TL;DR: The problem was this.  On the remote host ns1.BBBB.com, there was an entry in /etc/hosts for its IPv4 address, but not its IPv6 address.

B.B.B.B  ns1.BBBB.com ns1

This meant that the function pscheduler.ip_normalize_version() was returning null for the source end point address on the test (which was using IPv6):

python
>>> import pscheduler
>>> pscheduler.ip_normalize_version("ns1.BBBB.com", "perf1.home.AAAA.net", ip_version=6)
(None, 'A:A:A:A::45')

This function is called from /usr/lib/pscheduler/classes/archiver/esmond/esmond_util.py

Just to be clear: the host ns1.BBBB.com has valid forward and reverse, for both IPv4 and IPv6, in the DNS.  But putting IPv4 only in /etc/hosts was preventing ip_normalize_version from resolving the name to an IPv6 address.

This in turn meant that the archiver was posting metadata for the test with 'source': None, 'measurement-agent': None

esmond was quite happily accepting this and returning a 201 result, but was creating an archive with no members (event-type: [] - i.e. empty list)

esmond was also quite happily accepting POSTs of test results to this broken archive, also with 201 result, and throwing them away.  So according to all pscheduler logs, all the archiving was working fine, but actually nothing was being stored.

SOLUTION: added the host's own IPv6 address to /etc/hosts on the remote host.

B.B.B.B  ns1.BBBB.com ns1
B:B:B:B:feff:ff:fe00:f16  ns1.BBBB.com ns1

PROPOSED IMPROVEMENTS:

I would like to make the following suggestions to make the stack more robust against this sort of problem.

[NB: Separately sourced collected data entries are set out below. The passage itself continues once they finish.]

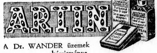
A Dr. WANDER üzemek készítménye.

jait, ahol senki sem akarta őket befogadni, a nyári hőségtől tüzes homoksvatagon keresztüli negyvennapos vándorlás szenvedéseit s a száraz szavakból is kiérezni azt a meghatottságot, amelyet a hős Juliánusz barát érezhetett, amikor az első magyar telepre érkezett, ahol „amint meglátták őt s megértették, hogy magyar, házról-házra s faluról-falura vezetik”. Mindenhol megértik Juliánusz barátot, emlékeznek a 3—400 esztendővel ezelőtt elszakadt testvérekre. Egy hónapig volt Juliánusz barát az őshazai magyarok között s azután hazahívta a kötelességtudat. A magyarok új utat mutatnak s Juliánusz már erre veszi útját. Ugyanolyan kalandok és küzdelmek után 1237 januárjában kopogtat be a sárospataki rendház kapuján.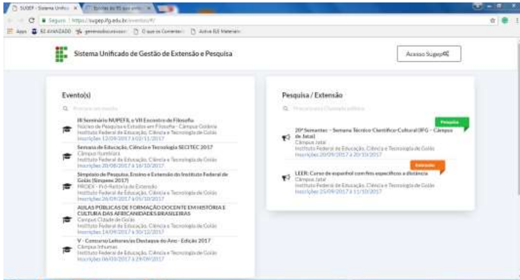
Figura 3: Página inicial do SUGEP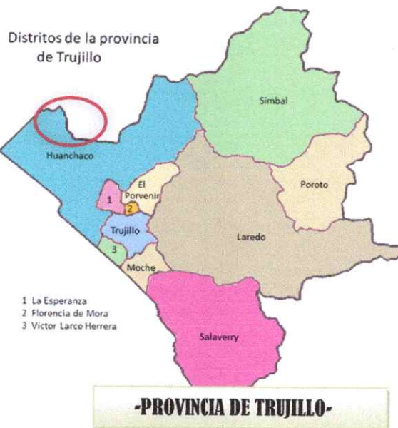
Ilustración 2. : Micro Localización del Proyecto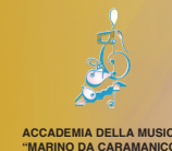
ACCADEMIA DELLA MUSICA "MARINO DA CARAMANICO"

manifestazione di interesse internazionale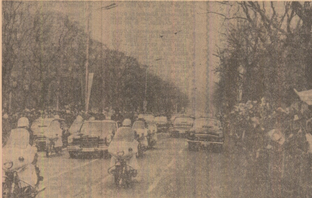
Locuitorii capitalei Bulgariei socialiste fac o primire entuziastă delegației de partid și guvernamentale a României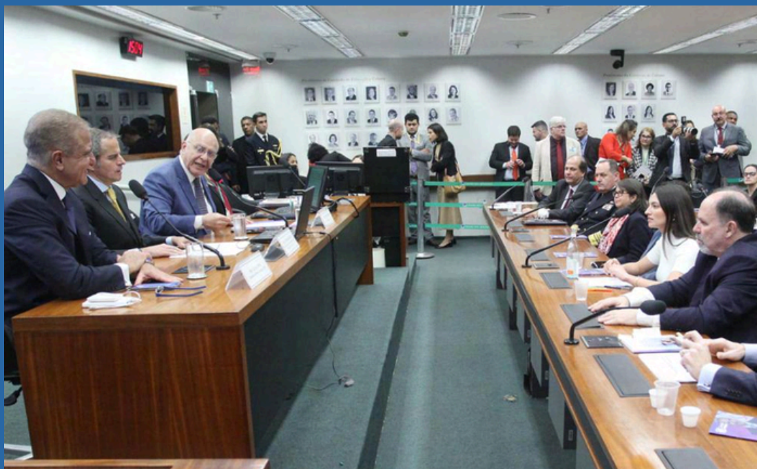
DATA: 19/06/2024

REQ 29/2024 CME- JULIO LOPES REQ 52/2024 CME - ARNALDO JARDIM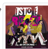
ISTO É ROCK! JAVIER BECERRA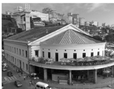
IV - Mercado Modelo

Com base nas imagens, podemos afirmar que o modernismo arquitetônico está representado em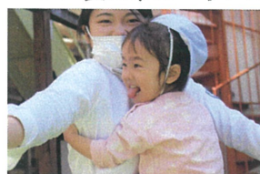
先生が手をはたしても つかまることができませんでした☆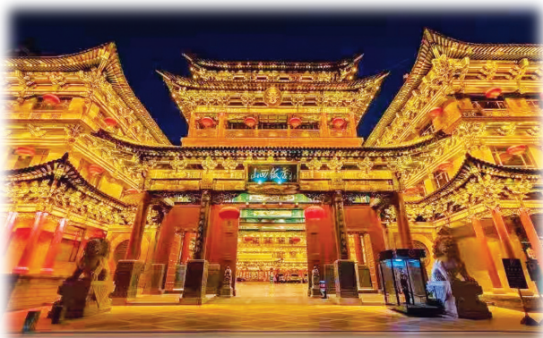
山西饭店夜景(资料图)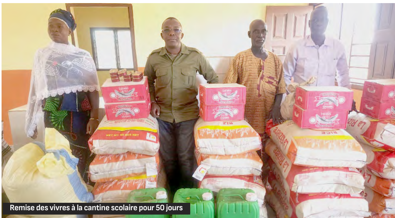
Remise des vivres à la cantine scolaire pour 50 jours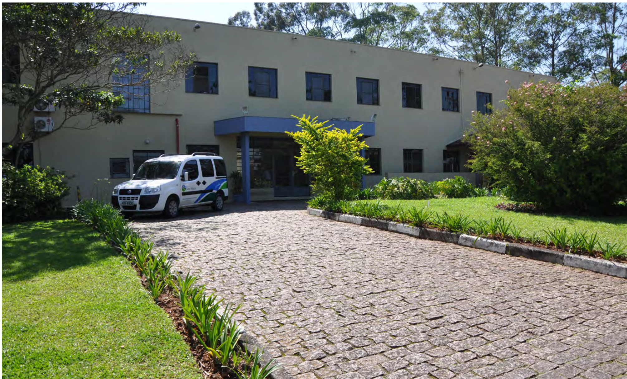
ESTRUTURA ATUAL DO HOSPITAL SANTA MÔNICA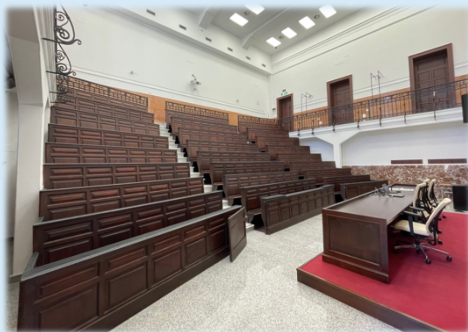
Sede centrale, Piazza S. Pugliatti, 1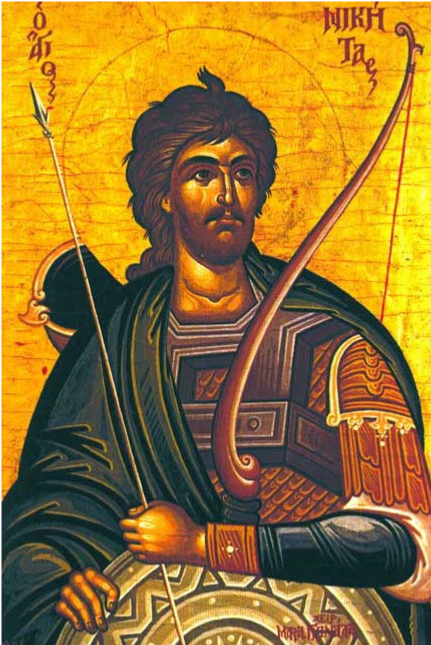
Άγιος Νικήτας ο Γότθος ο μεγαλομάρτυρας

Εορτάζει στις 15 Σεπτεμβρίου εκάστου έτους.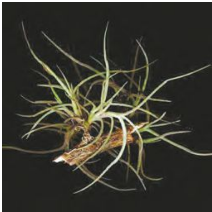
Тилландсия на ветке

лизируйте условия вашего жилища, освещенность, температуру, наличие сквозняков и прочие параметры. Для бромелий они немаловажны. Неприхотливые виды можно разместить просто на подоконнике, а есть и такие, для которых придется сооружать флорариум, потому что без соблюдения режима влажности и температуры нечего надеяться на успех.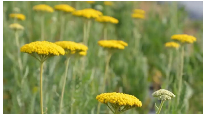
Achillea filipendulina 'Parker's Variety'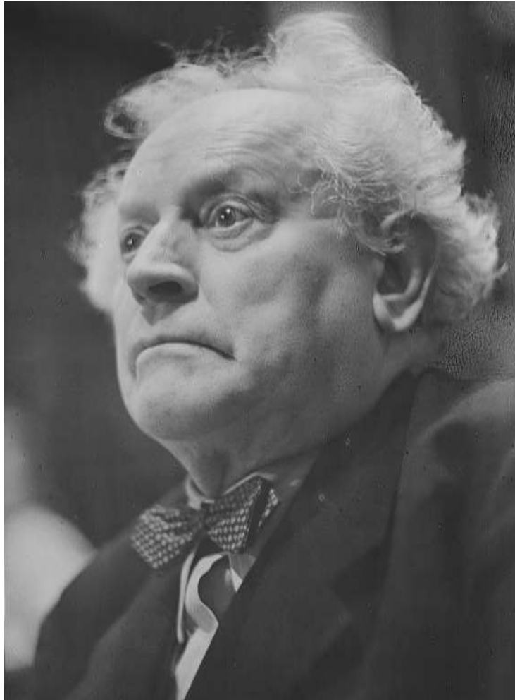
Martin Andersen Nexø

Den danske författaren Martin Andersen Nexø (1869-1954) var en centralgestalt i den genre som brukar kallas arbetarlitteratur eller proletärlitteratur. Att hans inflytande var stort visas av att många av hans verk spreds långt utanför hemlandets gränser. Hans mest lästa roman Pelle Erövraren (i 4 volymer) översattes till över 25 olika språk och alla hans böcker kom ut på svenska. Han förekom också ofta i svensk press, särskilt i Skåne.

1. esmond should barf (return 4xx result) if you try to create an archive with missing mandatory attributes, such as "source": null.  I think it should also barf if you try to post test results to such a broken archive.

This would have shown as an archiver error on the lead node.

2. all the archivers, especially iperf3, should barf internally if after resolving the source and destination IP addresses, it finds either of them is None.  This would have shown as an exception on the lead node.

(Interestingly, the owamp archiver didn't seem to have this problem: I think that's probably because it was running on the local side.  I didn't have any /etc/hosts entries for the remote node on the local node)

3. if the test result already includes a resolved source and destination address with the correct address family, then that should be used instead of attempting to re-resolve the names of the endpoints.

For the iperf3 test, it looks like start.connected.local_host and start.connected.remote_host contain those addresses, and since that's the source-of-truth about what addresses were used, I think that "source" and "destination" should prefer to use those values (whereas "input-source" and "input-destination" can of course have the hostnames).  It might work better for multi-homed hosts too.

QUESTION:

Why did the IPv4 /etc/hosts entry mess up ip_normalize_version(), but not the tests themselves?  Maybe one is going via nsswitch but the other is doing DNS lookups?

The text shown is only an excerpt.